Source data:

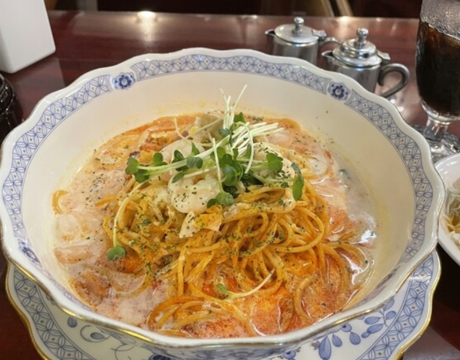 エビクリームスープスパゲッティは、プリプリのエビと濃厚で深い味わいのスープが絶妙に絡みます。スープが飲めるほど美味しく、麺との相性が抜群。食べ応えもありながら、繊細な味わいで満足感が得られます。
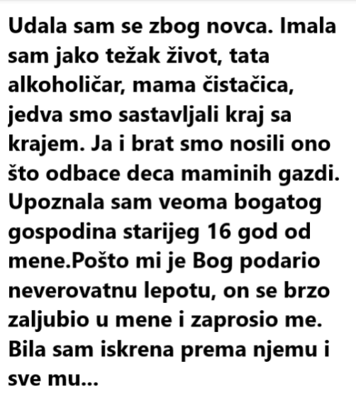 Udala sam se zbog novca. Imala sam jako težak život, tata alkoholičar, mama čistačica, jedva smo sastavljali kraj sa krajem. Ja i brat smo nosili ono što odbace deca maminih gazdi. Upoznala sam veoma bogatog gospodina starijeg 16 god od mene.Pošto mi je Bog podario neverovatnu lepotu, on se brzo zaljubio u mene i zaprosio me. Bila sam iskrena prema njemu i sve mu ispričala ali je on prihvatio to da ga ja ne volim i venčali smo se.
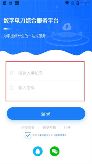 1、在【数字电力综合服务平台】登录界面,填写【请输入手机号】【输入密码】,点击【登录】进入平台。
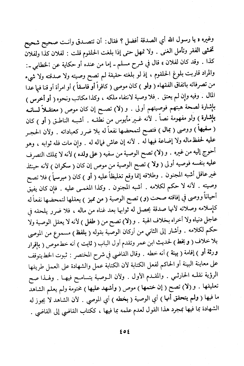 وَغَيْرِهِ " «يَا رَسُولَ اللَّهِ أَيُّ الصَّدَقَةِ أَفْضَلُ؟ فَقَالَ: أَنْ تَتَصَدَّقَ وَأَنْتَ صَحِيحٌ شَحِيحٌ تَخْشَى الْفَقْرَ وَتَأْمَلُ الْغِنَى. وَلَا تُمْهِلْ حَتَّى إذَا بَلَغَتْ الْحُلْقُومَ قُلْتَ: لِفُلَانٍ كَذَا وَلِفُلَانٍ كَذَا. وَقَدْ كَانَ لِفُلَانٍ» " قَالَ فِي شَرْحِ مُسْلِمٍ إمَّا مِنْ عِنْدَهُ أَوْ حِكَايَةٍ عَنْ الْخَطَّابِيِّ: وَالْمُرَادُ قَارَبَتْ بُلُوغَ الْحُلْقُومِ، إذْ لَوْ بَلَغَتْهُ حَقِيقَةً لَمْ تَصِحَّ وَصِيَّتُهُ وَلَا صَدَقَتُهُ وَلَا شَيْءَ مِنْ تَصَرُّفَاتِهِ بِاتِّفَاقِ الْفُقَهَاءِ (وَلَوْ) كَانَ مُوصٍ (كَافِرًا أَوْ فَاسِقًا) أَوْ امْرَأَةً أَوْ قِنًّا فِيمَا عَدَا الْمَالَ. وَفِيهِ وَإِنْ لَمْ يُعْتَقْ. فَلَا وَصِيَّةَ لِانْتِفَاءِ مِلْكِهِ، وَكَذَا مُكَاتَبٌ وَنَحْوُهُ (أَوْ أَخْرَسَ) بِإِشَارَةٍ لِصِحَّةِ هِبَتِهِمْ فَوَصِيَّتُهُمْ أَوْلَى. وَ (لَا) تَصِحُّ إنْ كَانَ مُوصٍ (مُعْتَقَلًا لِسَانُهُ بِإِشَارَةٍ) وَلَوْ مَفْهُومَةً نَصًّا لِأَنَّهُ غَيْرُ مَأْيُوسٍ مِنْ نُطْقِهِ. أَشْبَهَ النَّاطِقَ (أَوْ) كَانَ (سَفِيهًا) وَوَصَّى (بِمَالٍ) فَتَصِحُّ لِتَمَحُّضِهَا نَفْعًا لَهُ بِلَا ضَرَرٍ كَعِبَادَاتِهِ. وَلِأَنَّ الْحَجْرَ عَلَيْهِ لِحِفْظِ مَالِهِ وَلَا إضَاعَةَ فِيهَا لَهُ. لِأَنَّهُ إنْ عَاشَ فَمَالُهُ لَهُ. وَإِنْ مَاتَ فَلَهُ ثَوَابُهُ، وَهُوَ أَحْوَجُ إلَيْهِ مِنْ غَيْرِهِ. وَ (لَا) تَصِحُّ الْوَصِيَّةُ مِنْ سَفِيهٍ (عَلَى وَلَدِهِ) لِأَنَّهُ لَا يَمْلِكُ التَّصَرُّفَ عَلَيْهِ بِنَفْسِهِ فَوَصِيُّهُ أَوْلَى (وَلَا) تَصِحُّ الْوَصِيَّةُ مِنْ مُوصٍ إنْ كَانَ (سَكْرَانَ) لِأَنَّهُ حِينَئِذٍ غَيْرُ عَاقِلٍ أَشْبَهَ الْمَجْنُونَ. وَطَلَاقُهُ إنَّمَا وَقَعَ تَغْلِيظًا عَلَيْهِ (أَوْ) كَانَ (مُبَرْسَمًا) فَلَا تَصِحُّ وَصِيَّتُهُ. لِأَنَّهُ لَا حُكْمَ لِكَلَامِهِ. أَشْبَهَ الْمَجْنُونَ. وَكَذَا الْمُغْمَى عَلَيْهِ. فَإِنْ كَانَ يُفِيقُ أَحْيَانَا وَوَصَّى فِي إفَاقَتِهِ صَحَّتْ.
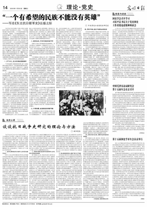 《光明日报》2015年11月25日第14版“理论·党史”刊登了公司欧阳恩良教授撰写的《谈谈抗日战争史研究的理论与方法》。该文一天之内,即被求是网、人民网、光明网、新华网、中国共产党新闻网、中国社会科学网、宣讲家网、中国理论网、中国文明网、中国高校人文社科信息网、近代中国研究网、中工网、中国共产党历史网、抗日战争纪念网、解放网、今日头条网及江苏社科规划网、今日新疆网、江苏大讲堂、福建人大网等数十家有影响的网站全文转载。
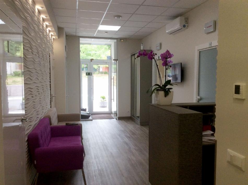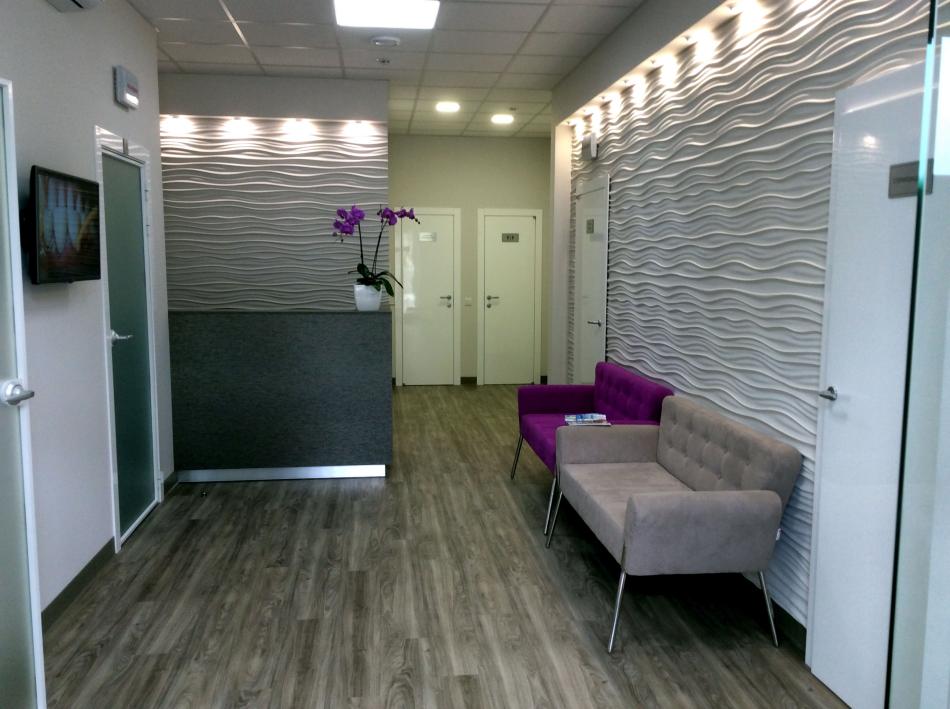 NAYADA облаштувала стоматологічну клініку в Києві. Головними цілями проекту були сучасність і затишна обстановка в клініці. Завдяки перегородок NAYADA-Сrystal, якими оформлена вхідна зона, забезпечена видимість зони очікування з вулиці, що є безумовно зручним для клієнтів клініки. А популярні двері NAYADA-Slim c матовим склом забезпечили легкість в інтер'єрі і, в той же час, приховали те, що відбувається в кабінетах.

*What you should do*.
In the answer, the data should reappear exactly, with no pictures.

*Result for this task*.
 エビクリームスープスパゲッティは、プリプリのエビと濃厚で深い味わいのスープが絶妙に絡みます。スープが飲めるほど美味しく、麺との相性が抜群。食べ応えもありながら、繊細な味わいで満足感が得られます。
 Udala sam se zbog novca. Imala sam jako težak život, tata alkoholičar, mama čistačica, jedva smo sastavljali kraj sa krajem. Ja i brat smo nosili ono što odbace deca maminih gazdi. Upoznala sam veoma bogatog gospodina starijeg 16 god od mene.Pošto mi je Bog podario neverovatnu lepotu, on se brzo zaljubio u mene i zaprosio me. Bila sam iskrena prema njemu i sve mu ispričala ali je on prihvatio to da ga ja ne volim i venčali smo se.
 1、在【数字电力综合服务平台】登录界面,填写【请输入手机号】【输入密码】,点击【登录】进入平台。
 وَغَيْرِهِ " «يَا رَسُولَ اللَّهِ أَيُّ الصَّدَقَةِ أَفْضَلُ؟ فَقَالَ: أَنْ تَتَصَدَّقَ وَأَنْتَ صَحِيحٌ شَحِيحٌ تَخْشَى الْفَقْرَ وَتَأْمَلُ الْغِنَى. وَلَا تُمْهِلْ حَتَّى إذَا بَلَغَتْ الْحُلْقُومَ قُلْتَ: لِفُلَانٍ كَذَا وَلِفُلَانٍ كَذَا. وَقَدْ كَانَ لِفُلَانٍ» " قَالَ فِي شَرْحِ مُسْلِمٍ إمَّا مِنْ عِنْدَهُ أَوْ حِكَايَةٍ عَنْ الْخَطَّابِيِّ: وَالْمُرَادُ قَارَبَتْ بُلُوغَ الْحُلْقُومِ، إذْ لَوْ بَلَغَتْهُ حَقِيقَةً لَمْ تَصِحَّ وَصِيَّتُهُ وَلَا صَدَقَتُهُ وَلَا شَيْءَ مِنْ تَصَرُّفَاتِهِ بِاتِّفَاقِ الْفُقَهَاءِ (وَلَوْ) كَانَ مُوصٍ (كَافِرًا أَوْ فَاسِقًا) أَوْ امْرَأَةً أَوْ قِنًّا فِيمَا عَدَا الْمَالَ. وَفِيهِ وَإِنْ لَمْ يُعْتَقْ. فَلَا وَصِيَّةَ لِانْتِفَاءِ مِلْكِهِ، وَكَذَا مُكَاتَبٌ وَنَحْوُهُ (أَوْ أَخْرَسَ) بِإِشَارَةٍ لِصِحَّةِ هِبَتِهِمْ فَوَصِيَّتُهُمْ أَوْلَى. وَ (لَا) تَصِحُّ إنْ كَانَ مُوصٍ (مُعْتَقَلًا لِسَانُهُ بِإِشَارَةٍ) وَلَوْ مَفْهُومَةً نَصًّا لِأَنَّهُ غَيْرُ مَأْيُوسٍ مِنْ نُطْقِهِ. أَشْبَهَ النَّاطِقَ (أَوْ) كَانَ (سَفِيهًا) وَوَصَّى (بِمَالٍ) فَتَصِحُّ لِتَمَحُّضِهَا نَفْعًا لَهُ بِلَا ضَرَرٍ كَعِبَادَاتِهِ. وَلِأَنَّ الْحَجْرَ عَلَيْهِ لِحِفْظِ مَالِهِ وَلَا إضَاعَةَ فِيهَا لَهُ. لِأَنَّهُ إنْ عَاشَ فَمَالُهُ لَهُ. وَإِنْ مَاتَ فَلَهُ ثَوَابُهُ، وَهُوَ أَحْوَجُ إلَيْهِ مِنْ غَيْرِهِ. وَ (لَا) تَصِحُّ الْوَصِيَّةُ مِنْ سَفِيهٍ (عَلَى وَلَدِهِ) لِأَنَّهُ لَا يَمْلِكُ التَّصَرُّفَ عَلَيْهِ بِنَفْسِهِ فَوَصِيُّهُ أَوْلَى (وَلَا) تَصِحُّ الْوَصِيَّةُ مِنْ مُوصٍ إنْ كَانَ (سَكْرَانَ) لِأَنَّهُ حِينَئِذٍ غَيْرُ عَاقِلٍ أَشْبَهَ الْمَجْنُونَ. وَطَلَاقُهُ إنَّمَا وَقَعَ تَغْلِيظًا عَلَيْهِ (أَوْ) كَانَ (مُبَرْسَمًا) فَلَا تَصِحُّ وَصِيَّتُهُ. لِأَنَّهُ لَا حُكْمَ لِكَلَامِهِ. أَشْبَهَ الْمَجْنُونَ. وَكَذَا الْمُغْمَى عَلَيْهِ. فَإِنْ كَانَ يُفِيقُ أَحْيَانَا وَوَصَّى فِي إفَاقَتِهِ صَحَّتْ.
 《光明日报》2015年11月25日第14版“理论·党史”刊登了公司欧阳恩良教授撰写的《谈谈抗日战争史研究的理论与方法》。该文一天之内,即被求是网、人民网、光明网、新华网、中国共产党新闻网、中国社会科学网、宣讲家网、中国理论网、中国文明网、中国高校人文社科信息网、近代中国研究网、中工网、中国共产党历史网、抗日战争纪念网、解放网、今日头条网及江苏社科规划网、今日新疆网、江苏大讲堂、福建人大网等数十家有影响的网站全文转载。
 NAYADA облаштувала стоматологічну клініку в Києві. Головними цілями проекту були сучасність і затишна обстановка в клініці. Завдяки перегородок NAYADA-Сrystal, якими оформлена вхідна зона, забезпечена видимість зони очікування з вулиці, що є безумовно зручним для клієнтів клініки. А популярні двері NAYADA-Slim c матовим склом забезпечили легкість в інтер'єрі і, в той же час, приховали те, що відбувається в кабінетах.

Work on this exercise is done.